The 17th Arch, the Arch of Fear is extraordinarily beautiful in its stark simplicity. Orpheus is in the "real" world again but he's still unable to comprehend. "Did I build this stone shelter over the dark cave?" he asks. "Above my head is stone, Under my feet is rock". Birtwistle sets the simple words with amazing cadences, leaping out of an almost staccato, half-spoken baseline. The words "rock", "summer grass", "stream" and "nightmares" jump outwards as if they had a life of their own. Then the Other Orpheus sings single words "Fear. Caught. Time. Lost". Between each word, silence but for the rising sounds of the orchestra. Suddenly, this Orpheus takes off into shining lyricism: two words : "Tide moan". Their meaning is too deep to express by rational logic.
Euridice calls Orpheus's name, but the syllables break up, as if lost in transmission across the void that now keeps them apart. No more words. Only elusive music, possibly the Voice of Apollo. In the original stage directions, the plot is complicated, and Orpheus hangs himself. Here, instead, Alan Oke walks round the stage and into the audience, silently touching people on the shoulder, in an echo of the 9th Arch, the "arch of awareness. Meaning to touch". Those who get touched in the orchestra and choir pass it on to others. This symbolizes the concept that life and death are a continuum. It also fits better with the idea that Orpheus's spirit, which is music, lives on whenever people communicate. The suicide solution might have been an option in 1973/5 but in view of everything Birtwistle has done since then, it's a cop-out. This new "ending" is aesthetically more satisfying.
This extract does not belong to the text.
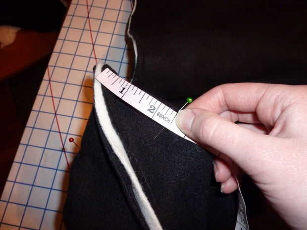 Las esquinas de la "bolsa" en este momento son un poco ásperas, para acabar con ellos, vuelva al reves las prendas de vestir y separe las capas de las esquinas como se muestra (cuidado si tienes una doble capa delantera para tirar todo a la derecha!). Vamos a cortar la esquina cosiendo a través de él. Mida aproximadamente 2.5" desde la esquina de la costura en cada lado y pin. Entonces perno recto para crear un triángulo isósceles. Coser todo recto. Puede cortar este rincón o dejarlo como está. Resultan la manera correcta de la ropa de descubrir su final.

The performance was preceded by Stravinsky's ballet Apollo which was a good idea, for Apollo was Orpheus's father, who gave him the Lyre and the gift of Music. It's surprisngly austere Stravinsky, presaging his interest in classicism and the baroque. Not really so very different from Birtwistle, the "wild man" of British music, whose notorious image belies music of sensitivity and poise, which also harks back to early music. Apollo was preceded by Jonny Greenwood's Popcorn Superhet Receiver, which uses similar orchestration, and has the violins standing to attention.